當時的林溪知尚且名不見經傳,因目睹裴靜石在奈何海出劍的畫面,從而領悟劍意,但相比裴靜石的劍意也隻是皮毛,可足以讓林溪知無敵于苦檀,最終成爲大隋戰力前十的存在。
因隋覃的關系,兩者是敵人,可在修行方面,裴靜石也算是林溪知的蒙師,崇敬是一方面,林溪知的想法卻從始至終都是有朝一日能打敗裴靜石,那是他的畢生目标。
在此之前,又怎能死在判官手裏。
而不願死不意味着不敢戰,相反,林溪知拼盡全力,斬出前所未有的一劍。
劍意若滾滾浪濤奔湧而至,判官顧忌着姜望,莫說正分着心,實也沒太把林溪知當回事,祂的戰力可比兇神蚩睨強太多了,林溪知再強也未曾畫閣守矩甚至入得神阙之境,宛若天塹的差距,哪那麽容易被打破。
但劍士本就殺力極盛,林溪知又抱着向死而生的心态,那一劍的威力已遠超他自身的境界。
等到判官察覺不尋常之處時,劍意已然臨身,隻能出手硬接,恐怖的力量四溢,将得周圍屋舍盡數化作齑粉,附近殺妖的修士武夫們紛紛遁逃。
綿綿不絕的劍意轟砸在身上,竟讓得判官感到一絲痛意,黑袍被切割出無數道口子,原就兇惡的表情更顯猙獰。
眼看着林溪知一劍壓制住判官,卻在下一瞬,判官抗着奔流劍意往前邁步,很快變成疾走,然後是奔跑,已然拼盡全力,處在舊力未消新力無生階段的林溪知來不及做出反應,便被判官碩大的拳頭直接轟飛。
也就在這時,解決掉多數妖王,再次脫身的褚春秋提劍前來支援。
可他根本沒有被判官瞧在眼裏,低眸看着自身傷勢,判官森然說道:“劍神閣下這一劍可真是打得我很疼啊。”
說着話,祂伸手便掐住了來襲的褚春秋的腦袋,“青玄署首尊啊,于整個天下而言都算是很厲害的高手,但終究沒有站在最頂峰,你們整個大隋能與我一戰者無非一手之數,這裏面可沒包括你,也沒包括林溪知。”
祂剛要用力直接捏碎褚春秋,解決完所有妖王的朱谕雪和陸玖客疾掠而至,判官見此,搖頭說道:“死命蹦跶的螞蚱罷了。”

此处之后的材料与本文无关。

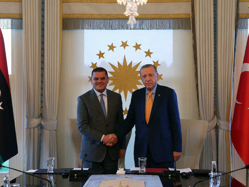 قال رئيس الحكومة الليبية المقالة من البرلمان عبد الحميد الدبيبة إنه اتفق مع الرئيس التركي رجب طيب أردوغان خلال لقاء في إسطنبول، الجمعة، على ضرورة إيجاد خارطة طريق سياسية يتم دراستها، تنتهي بانتخابات "بتواريخ معينة"، مشيراً إلى أن أنقرة أكدت دعمها له في هذا الصدد.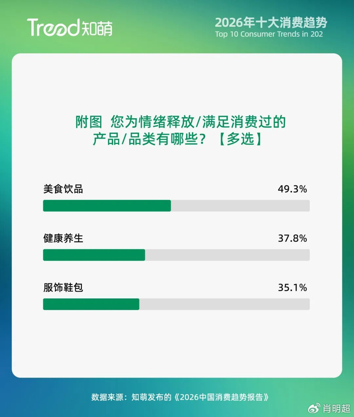 在向外探索、向众共鸣之外,消费者还通过购买那些能直接作用于身心的物品,来营造一个专属于自己的舒适层。美食饮品(49.3%)、健康养生(37.8%)、服饰鞋包(35.1%)是主要的情绪消费品类。

掌心凝聚出一股極爲強悍的妖氣,甩手将褚春秋扔出,連帶着把朱谕雪和陸玖客撞飛,掀起一場巨大的風暴,不論是修士武夫或妖怪,被波及者,皆在瞬間化作飛灰,判官又再看了渾城的姜望一眼,徑直沖向張止境。
栖霞街湖畔前的李神鸢面色肅然說道:“我的言出法随可沒辦法制衡判官。”
姜望搜尋着褚春秋三人的蹤迹,沉聲說道:“隻能期待張止境能同時對付堰山君和判官兩個,依照判官的行動,祂的第一目的是救走堰山君,不管曹崇凜那邊出了什麽情況,祂必然不會浪費太多時間,否則曹崇凜一到,便回天無力了。”
趙熄焰卻在此時摩拳擦掌,躍躍欲試。
姜望看向她說道:“戰意再熾熱,也别做出送死的行爲,褚春秋朱谕雪陸玖客哪個不比你更強?連劍神前輩拼盡全力也隻是勉強傷到判官,你的力量在判官面前微不足道。”
趙熄焰很不服氣,她龇牙咧嘴,作出很兇狠的表情。
姜望沒理會,轉頭看向李神鸢說道:“骁菓軍青玄署武神祠目前是足夠應付霁城裏的妖怪,你們現在隻需看着就行。”
李神鸢聽出别的意思,問道:“那你呢?”
姜望看着掙紮起身的林溪知試圖再次出劍,表情嚴肅說道:“褚春秋他們是死是活我沒那麽在意,但沒辦法眼睜睜看着劍神前輩拼命,剛剛我出了一刀,判官的表現明顯有些問題,也不知是不是我的錯覺,總感覺祂很忌憚我。”
李神鸢驚異道:“你爲何會有這樣的錯覺?”
姜望:“......别管!”
......
霁城裏某處廢墟,朱谕雪衣衫破碎,渾身鮮血淋漓,強悍的宗師巅峰體魄此刻竟徹底瓦解,他急促喘着氣,艱難回眸看向褚春秋和陸玖客,無比虛弱道:“若非我這大隋第二武夫,天下前三武夫的體魄以及林劍神的劍意護着,我們怕是要死得渣都不剩。”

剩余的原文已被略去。